From the line below containing "This is a handbag" to the final line, print each line exactly as written. No pictures belong in the copy.

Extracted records
━━━━

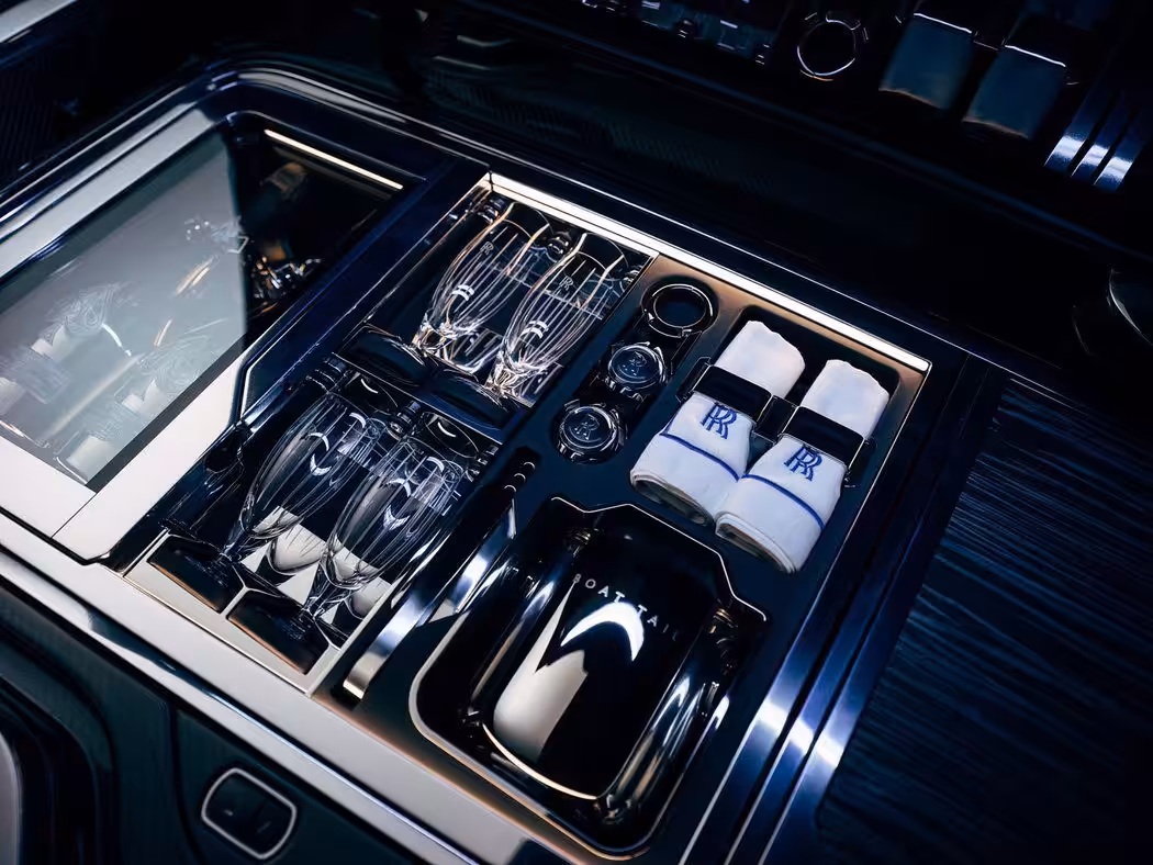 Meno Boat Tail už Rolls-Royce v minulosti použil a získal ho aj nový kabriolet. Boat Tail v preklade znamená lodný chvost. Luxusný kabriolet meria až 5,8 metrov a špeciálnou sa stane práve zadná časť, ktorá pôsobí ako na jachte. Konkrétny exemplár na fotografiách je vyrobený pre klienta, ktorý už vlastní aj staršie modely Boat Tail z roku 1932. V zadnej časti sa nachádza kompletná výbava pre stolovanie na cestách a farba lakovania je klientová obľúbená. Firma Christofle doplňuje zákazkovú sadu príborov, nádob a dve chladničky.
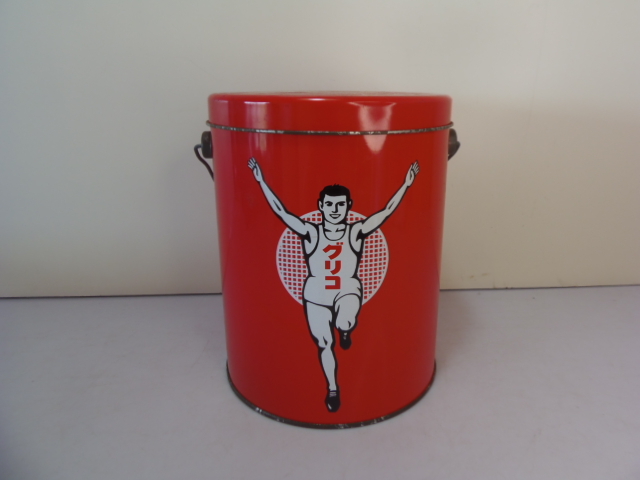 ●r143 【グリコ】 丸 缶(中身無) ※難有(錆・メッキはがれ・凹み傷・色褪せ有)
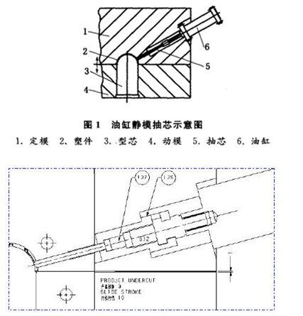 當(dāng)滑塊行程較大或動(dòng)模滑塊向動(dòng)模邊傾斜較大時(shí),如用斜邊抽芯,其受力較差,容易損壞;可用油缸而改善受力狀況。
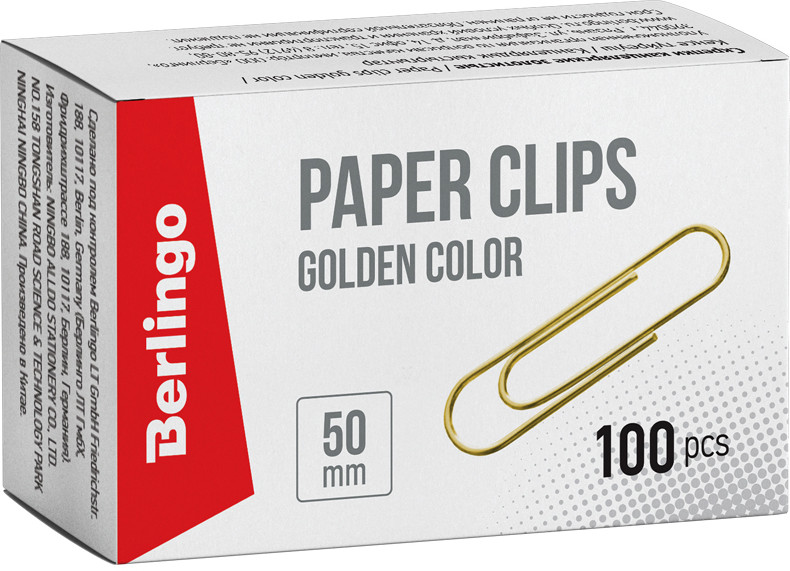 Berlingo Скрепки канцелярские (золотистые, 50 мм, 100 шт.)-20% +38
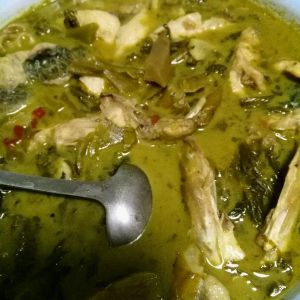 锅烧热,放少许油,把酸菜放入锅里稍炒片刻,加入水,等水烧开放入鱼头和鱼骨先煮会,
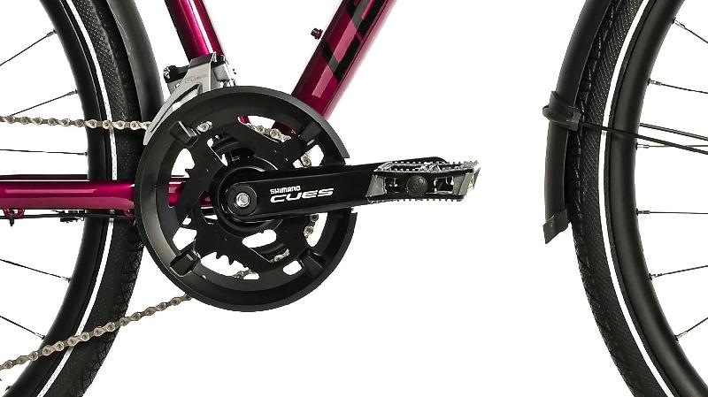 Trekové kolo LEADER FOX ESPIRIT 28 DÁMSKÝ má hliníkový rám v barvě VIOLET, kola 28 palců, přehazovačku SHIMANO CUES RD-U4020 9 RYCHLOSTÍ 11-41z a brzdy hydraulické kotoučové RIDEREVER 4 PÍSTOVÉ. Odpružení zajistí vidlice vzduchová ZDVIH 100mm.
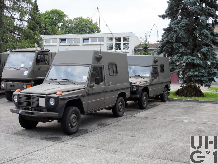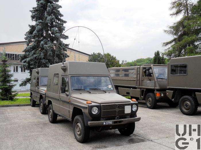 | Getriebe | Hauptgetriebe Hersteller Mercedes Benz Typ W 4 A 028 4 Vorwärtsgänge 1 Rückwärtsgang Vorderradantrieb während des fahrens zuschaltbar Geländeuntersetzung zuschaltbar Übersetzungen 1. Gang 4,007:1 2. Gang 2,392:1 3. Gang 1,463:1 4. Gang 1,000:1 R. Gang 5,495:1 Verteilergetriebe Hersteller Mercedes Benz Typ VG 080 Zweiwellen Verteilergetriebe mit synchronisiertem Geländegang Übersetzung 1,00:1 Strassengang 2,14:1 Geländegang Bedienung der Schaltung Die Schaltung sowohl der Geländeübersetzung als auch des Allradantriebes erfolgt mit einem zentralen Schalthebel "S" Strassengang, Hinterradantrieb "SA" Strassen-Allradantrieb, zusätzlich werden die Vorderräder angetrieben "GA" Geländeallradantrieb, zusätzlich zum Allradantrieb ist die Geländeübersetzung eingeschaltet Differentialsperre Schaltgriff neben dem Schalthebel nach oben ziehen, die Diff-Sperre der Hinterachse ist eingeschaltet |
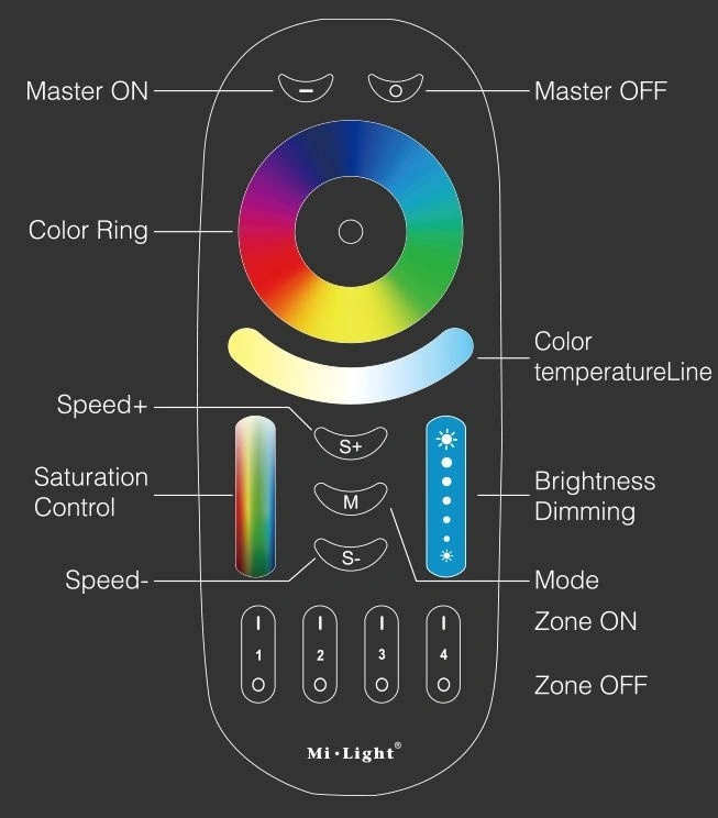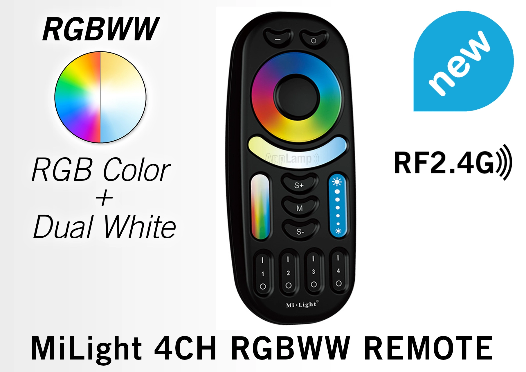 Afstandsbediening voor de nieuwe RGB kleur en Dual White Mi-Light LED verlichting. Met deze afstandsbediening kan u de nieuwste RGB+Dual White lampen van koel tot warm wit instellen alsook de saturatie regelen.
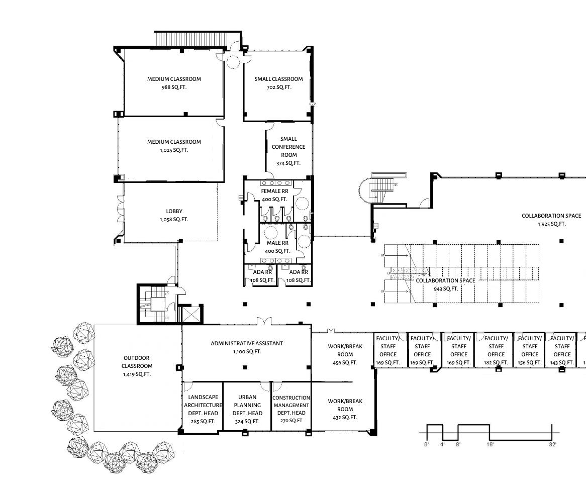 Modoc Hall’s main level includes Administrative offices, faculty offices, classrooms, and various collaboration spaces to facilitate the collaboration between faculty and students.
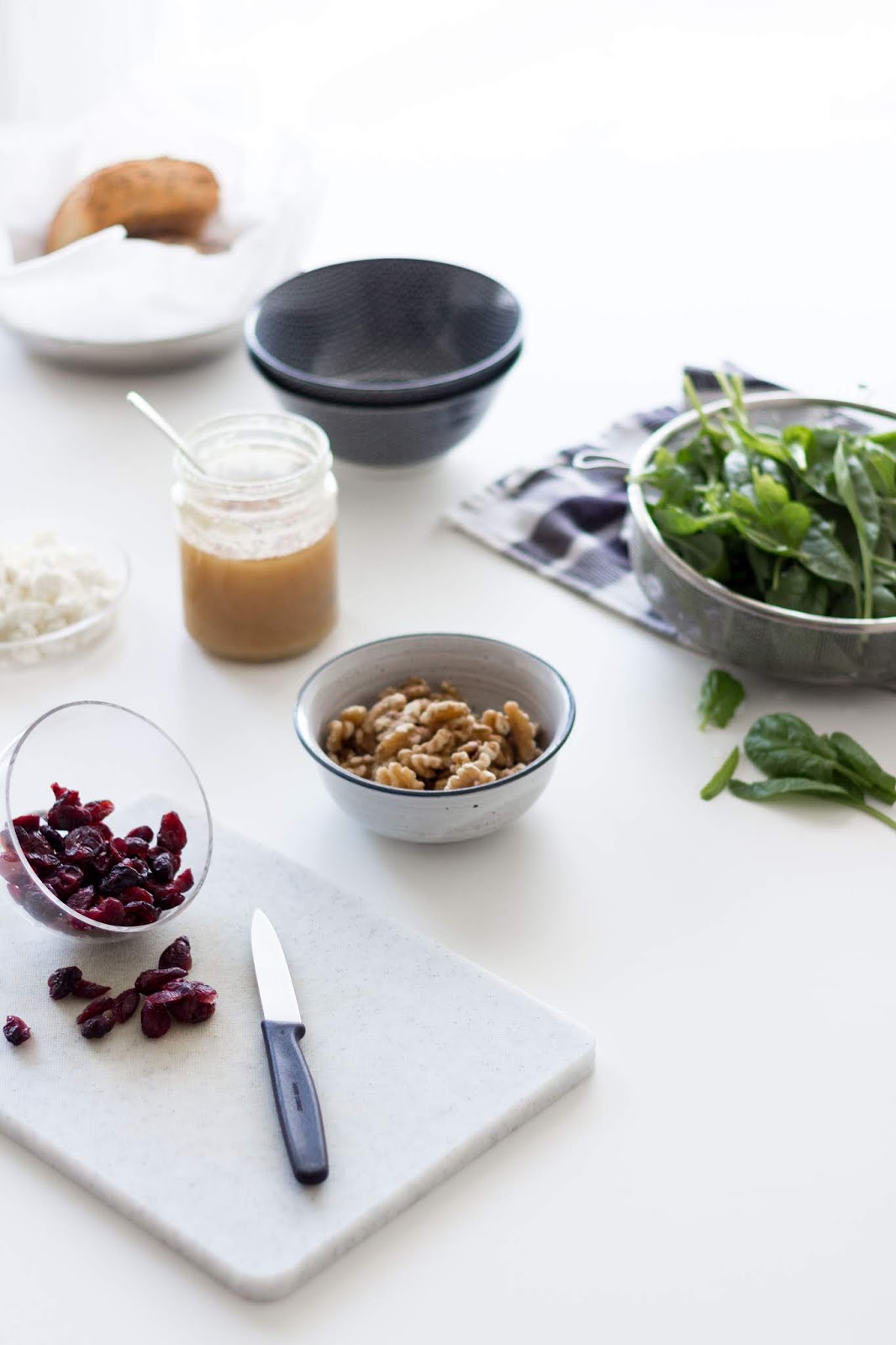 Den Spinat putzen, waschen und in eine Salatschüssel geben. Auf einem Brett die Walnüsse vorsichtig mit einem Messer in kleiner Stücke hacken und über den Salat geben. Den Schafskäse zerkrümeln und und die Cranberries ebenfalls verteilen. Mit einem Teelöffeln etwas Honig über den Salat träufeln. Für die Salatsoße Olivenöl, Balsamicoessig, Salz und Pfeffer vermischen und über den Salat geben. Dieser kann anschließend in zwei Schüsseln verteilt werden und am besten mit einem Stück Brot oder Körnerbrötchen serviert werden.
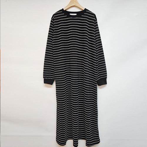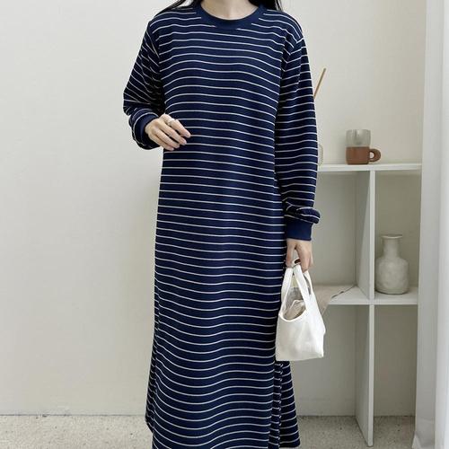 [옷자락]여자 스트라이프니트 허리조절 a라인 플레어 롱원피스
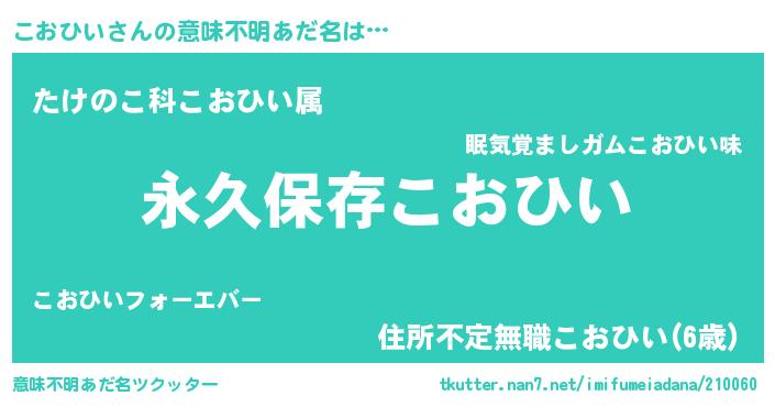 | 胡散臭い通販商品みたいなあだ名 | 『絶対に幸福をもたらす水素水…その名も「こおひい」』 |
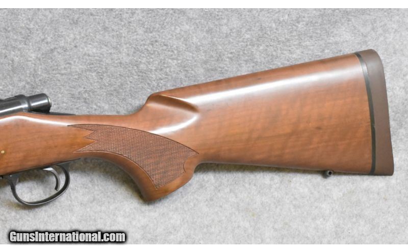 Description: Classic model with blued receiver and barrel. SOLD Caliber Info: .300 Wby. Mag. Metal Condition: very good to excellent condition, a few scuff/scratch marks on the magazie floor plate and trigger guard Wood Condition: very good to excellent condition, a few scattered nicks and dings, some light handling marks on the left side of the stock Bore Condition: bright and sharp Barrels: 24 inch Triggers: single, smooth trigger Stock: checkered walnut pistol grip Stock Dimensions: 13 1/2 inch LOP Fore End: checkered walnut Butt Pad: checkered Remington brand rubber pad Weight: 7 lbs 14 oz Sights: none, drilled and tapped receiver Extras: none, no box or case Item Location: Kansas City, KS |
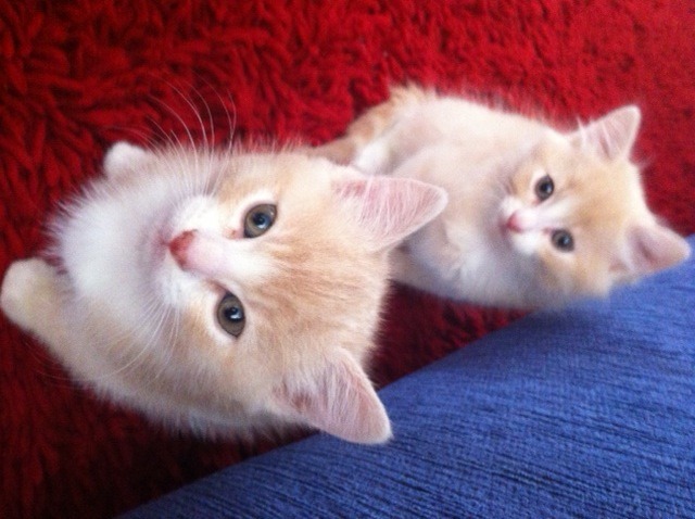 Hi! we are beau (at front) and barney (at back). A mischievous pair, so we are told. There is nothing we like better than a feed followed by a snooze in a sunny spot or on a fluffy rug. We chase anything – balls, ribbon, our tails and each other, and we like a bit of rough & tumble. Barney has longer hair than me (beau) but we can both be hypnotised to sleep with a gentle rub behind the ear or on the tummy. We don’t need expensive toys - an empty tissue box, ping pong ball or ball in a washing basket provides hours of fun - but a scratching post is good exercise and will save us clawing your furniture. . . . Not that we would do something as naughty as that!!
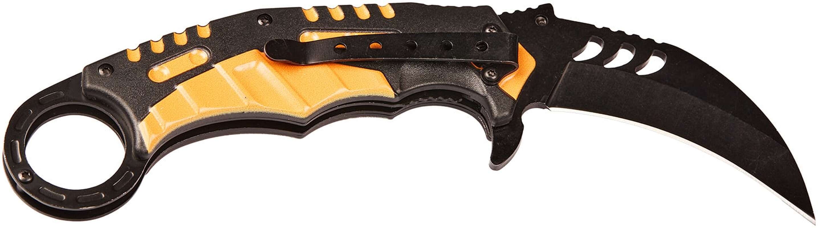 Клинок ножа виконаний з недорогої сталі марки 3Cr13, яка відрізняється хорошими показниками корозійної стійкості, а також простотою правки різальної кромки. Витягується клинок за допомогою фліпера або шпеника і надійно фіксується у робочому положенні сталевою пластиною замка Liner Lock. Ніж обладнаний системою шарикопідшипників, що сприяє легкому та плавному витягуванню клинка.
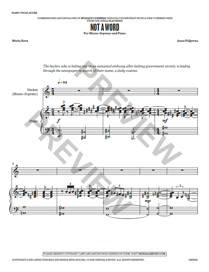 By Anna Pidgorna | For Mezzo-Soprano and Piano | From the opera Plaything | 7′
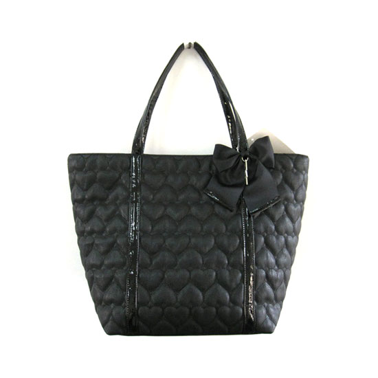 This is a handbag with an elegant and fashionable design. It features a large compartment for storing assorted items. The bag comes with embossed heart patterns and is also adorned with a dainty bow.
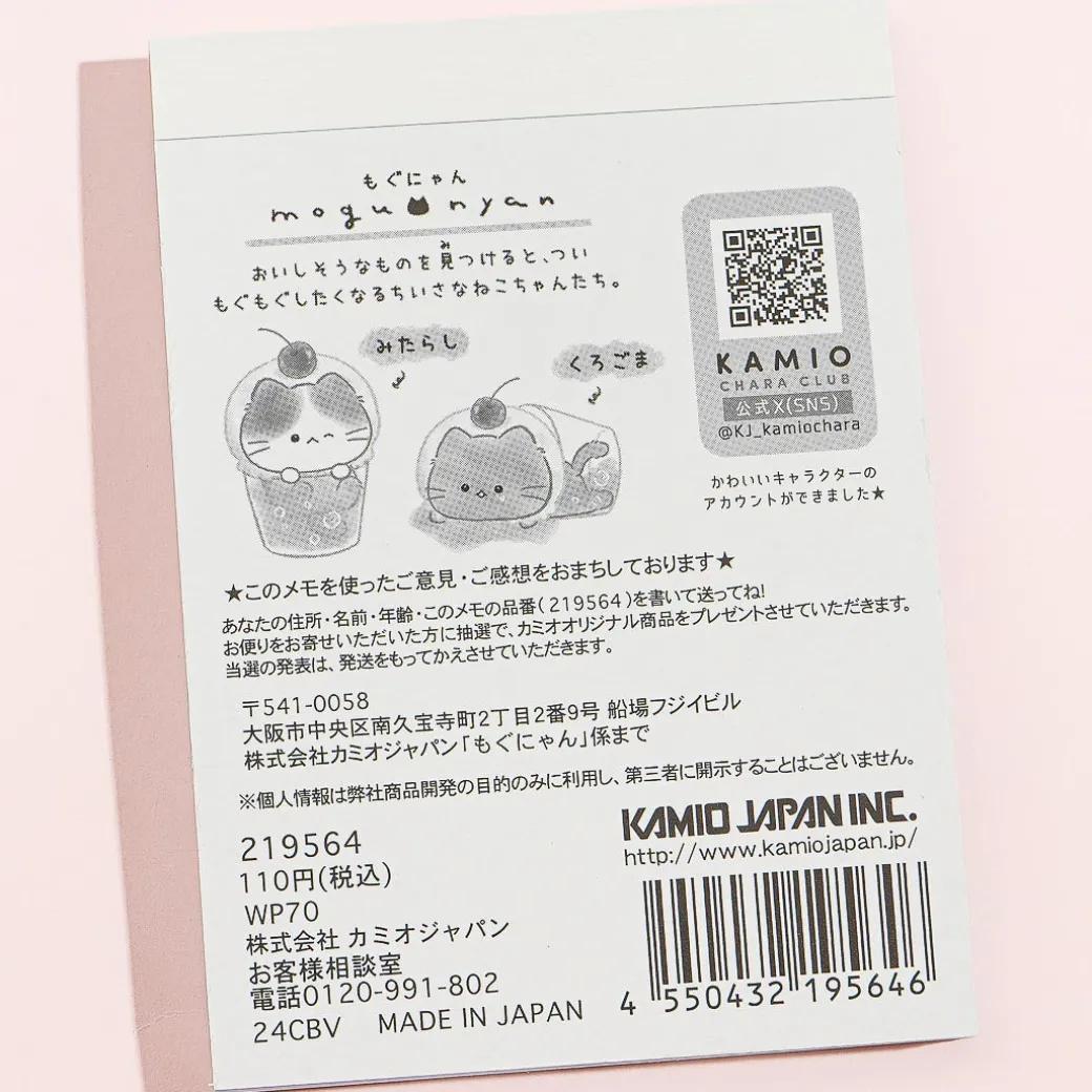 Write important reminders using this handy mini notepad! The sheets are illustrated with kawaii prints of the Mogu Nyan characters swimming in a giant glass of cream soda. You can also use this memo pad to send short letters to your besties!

━━━━

* [RESPONSE BELOW]
 This is a handbag with an elegant and fashionable design. It features a large compartment for storing assorted items. The bag comes with embossed heart patterns and is also adorned with a dainty bow.
 Write important reminders using this handy mini notepad! The sheets are illustrated with kawaii prints of the Mogu Nyan characters swimming in a giant glass of cream soda. You can also use this memo pad to send short letters to your besties!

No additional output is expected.